There is no shame in being where you are

My brother is the first-born, and I think first-born children give birth to parents - before that child was born the parent was an another adult. The younger child, that would be me, is an also - they are a lot of fun, they are a pain in the butt but they are not the person whose arrival changed everything. And they know it. I know it. Of course everything changed when I left home, and my mum and my dad hated it - but it surprised me. I have known all my life that I am incredibly loved, I am the proverbial cherry on top of the ice-cream, and that I am as inconsequential as the cherry on top of the ice-cream. It is a feeling that is really hard to shake. Anyway, also being single for so long - I don't have a strong sense of responsibility or consequence. I somehow go thru life like a field mouse, not shaking the grass*.  Perhaps, I actually don't but I feel like I do. 

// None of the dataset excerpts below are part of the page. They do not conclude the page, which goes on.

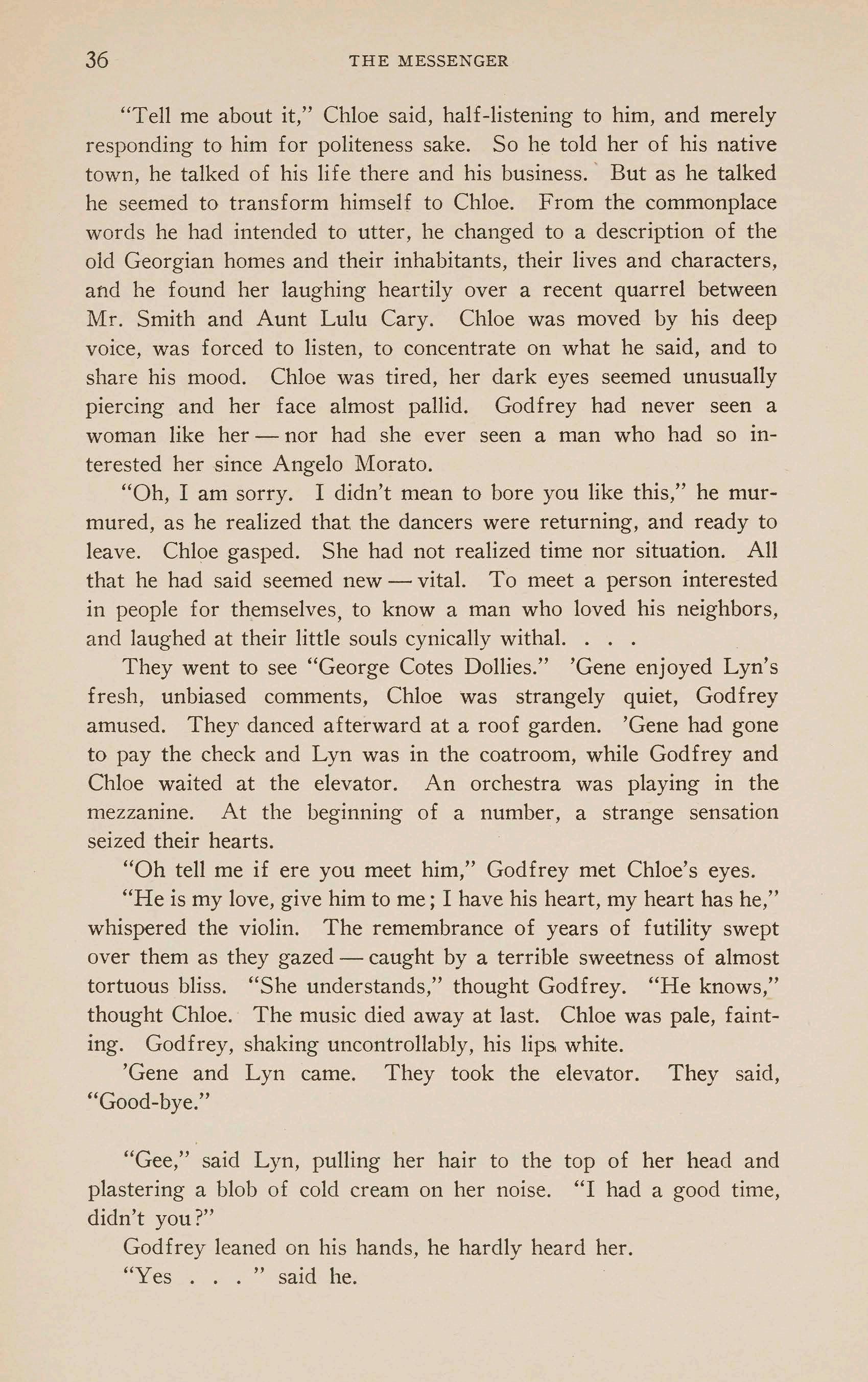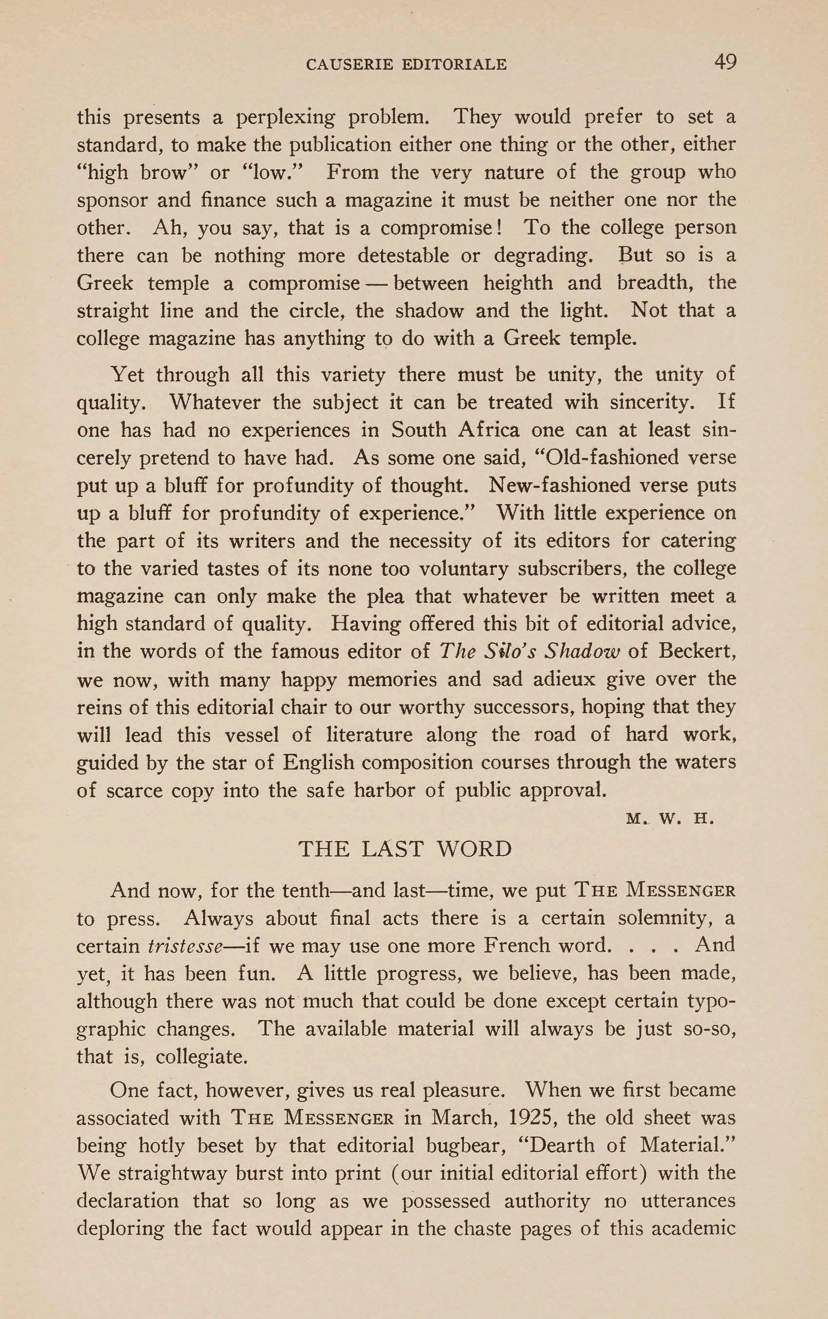 And now, for the tenth-and last-time, we put THE MESSENGER to press. Always about final acts there is a certain solemnity, a certain tristesse-if we may use one more French word. . . And yet, it has been fun. A little progress, we believe, has been made, although there was not much that could be done except certain typographic changes. The available material will always be just so-so, that is, collegiate.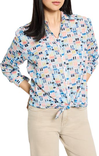 A blurry geometric design fades in and out on a button-up shirt made from rumpled-texture cotton in a modern, easy-fitting silhouette.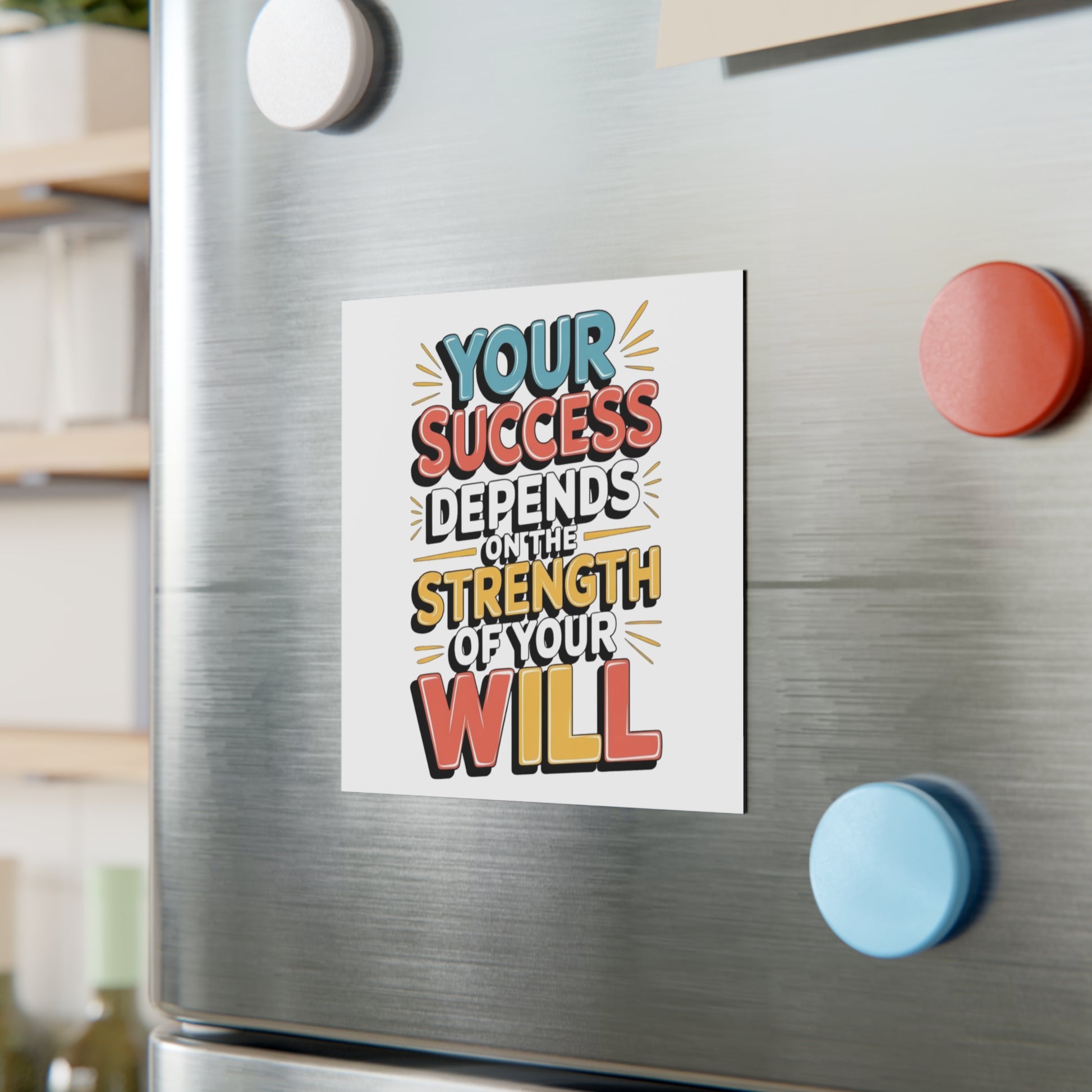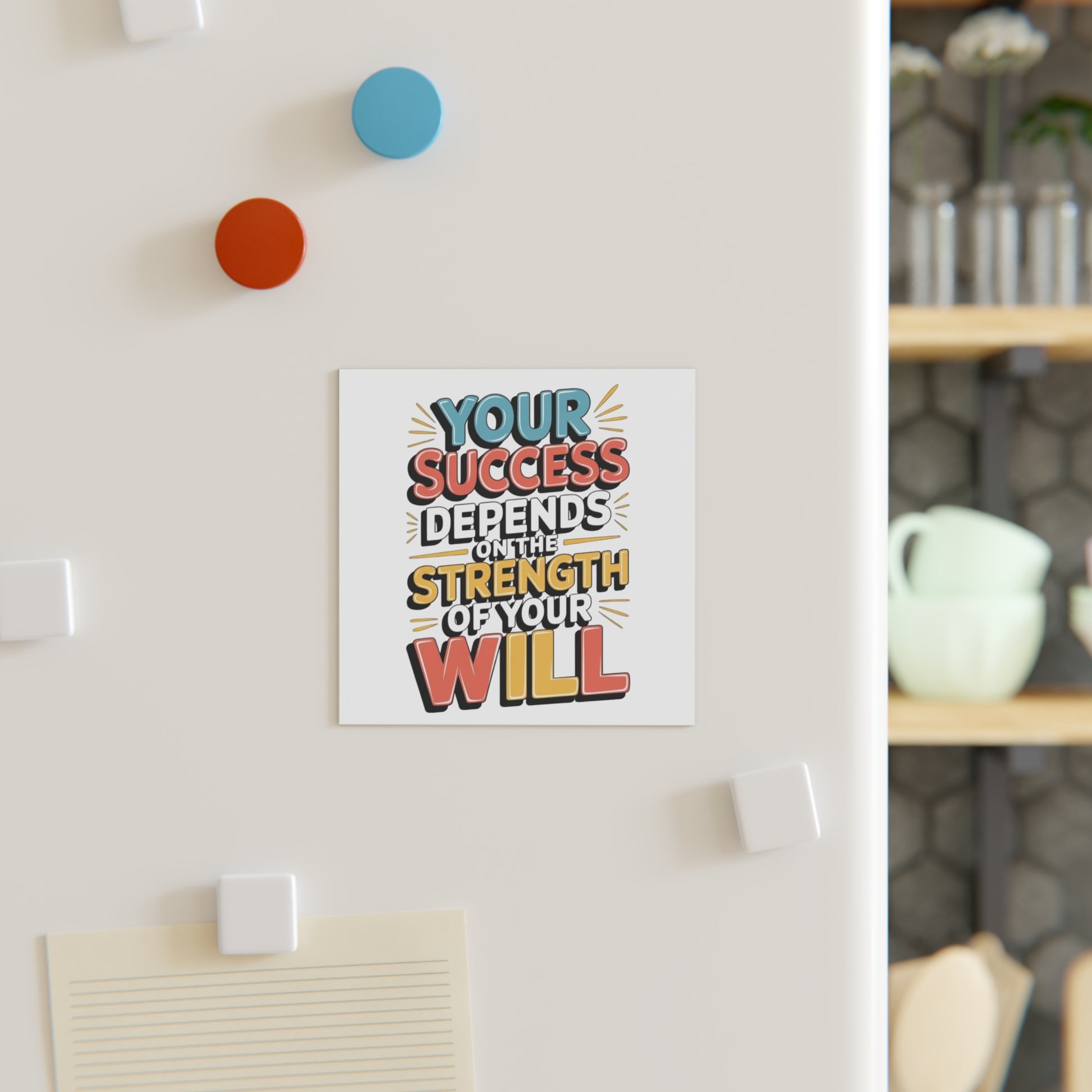 'Your Success Depends on the Strength of Your Will' Square Magnet

(And well, for my sins, when I got my first job, my Uncle told me that I got it because I was lucky, not because I had completed a PhD** on scholarship within 4 years and had successfully ran a conference as a volunteer, all the while dropping my primary school going cousin to school every morning and picking him up half of the week as well., but because they needed to meet the gender balance and I got lucky. It didn't help that I had a god-awful miserable manager and who wanted to clone and hire himself and instead got me.) This would have been nothing except that it strengthened a mean voice in my head - what does it matter, its not like anybody expects/relies me to do much anyway***. To give him credit, when I told my brother this, he said my uncle was an idiot and I should ignore when people talk about rubbish.   

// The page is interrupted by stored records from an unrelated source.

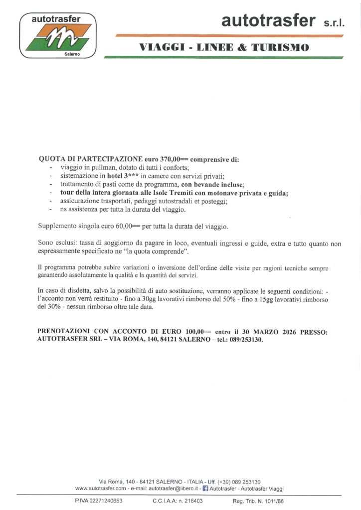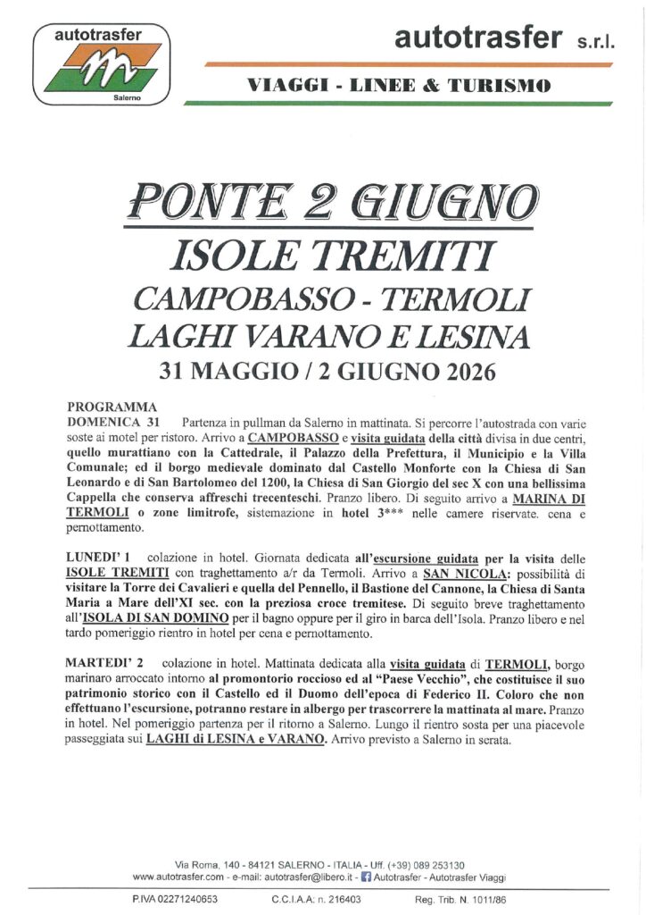 PONTE DUE GIUGNO 2026 Posted on 4 Marzo 2026 by Marta Bove ISOLE TREMITI TERMOLI – CAMPOBASSO – LAGO DI VARANO E LESINA 31 MAGGIO / 2 GIUGNO 2026 3 GIORNI / 2 NOTTI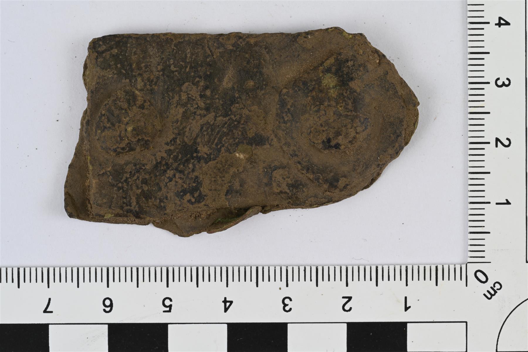| Niitattua kupariseoslevyä. Mahdollisesti kattilasta. Kaksi kerrosta levyä, joiden läpi on lyöty kaksi kupariseosniittiä. Toisen niitin kohdalla pala vielä kolmannesta levykerroksesta. | |
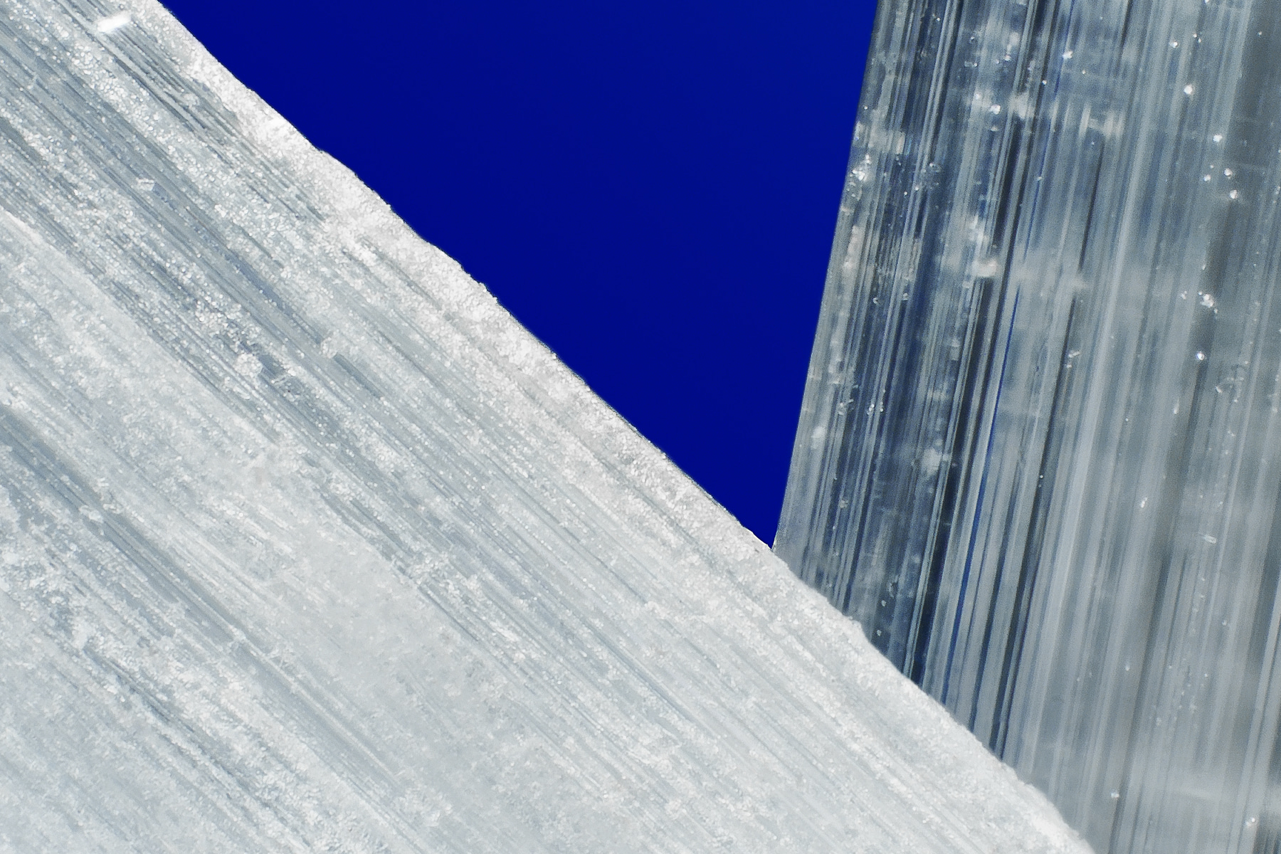 Selenite (Latin for "moonstone") has unique molecular properties that produce elegant crystalline structures and brilliant refractive properties. When combined with Mantis and Piech's meticulously constructed setup of lights, colored filters, microscopes, and cameras, these properties produce stunning imagery that elevates the mood and captures the imagination.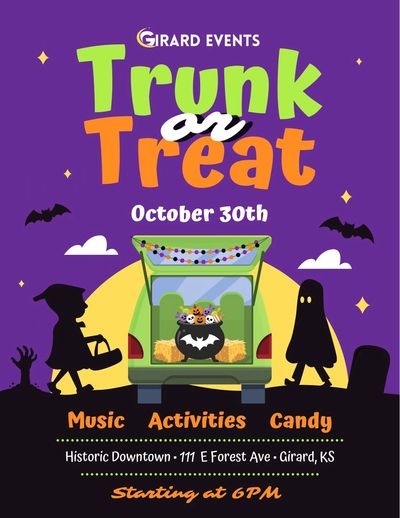 During Trunk or Treat, local businesses, organizations, and community members decorate the trunks of their cars with creative, spooky, or fun themes and hand out treats to children as they go from trunk to trunk. The event encourages costume creativity, family participation, and lots of laughter, making it a highlight of the fall season in Girard.

Anyway, that was a really long preamble to say that my brother works really hard, is smart and good, leads a big team at work and I trust him to give me good advice. So when he heard (via Mum) that I was having a hard time at work recently what with being so sick that I spent an entire day reading a report and not understanding a word of it (it was insane that the same report made sense in less than 10 minutes the next day), and then being so new that everything has been taking much longer to do anyway, he told me to put 20 minute timers and just focus for 20 minutes at a time. and if that is hard put a 10 minute timer, and if that is also hard, just put a 5 minute timer. No shame in putting a 5 minute timer. After wasting yesterday putting 20 minute timers and not getting anywhere with them, today I tried 5 minute timers - and I could focus for 5 minutes. 

And it made me think, there is no shame is being where we are, there can be no shame is being where we are. If we can't even be curious about where we are (without judgement ie beating ourselves up about it) how will we ever find the head-space to navigate our way to anywhere else? And if we consider that careers are marathons, not sprints, then an occasional bad day might not be such a big deal after all. 

So here is to 5 minute timers!! And good siblings!! And being curious about the voices in your head and owning your story so you can change it!! Here is to life, love and being a force for good!!

  



And the days are not full enough
And the nights are not full enough
And life slips by like a field mouse
                     Not shaking the grass.

Ezra Pound

** PhDs had a completion rate of 2% when I was a student.
*** This voice is such a strong part of me that when I write a really important report I tell myself that I am writing a draft.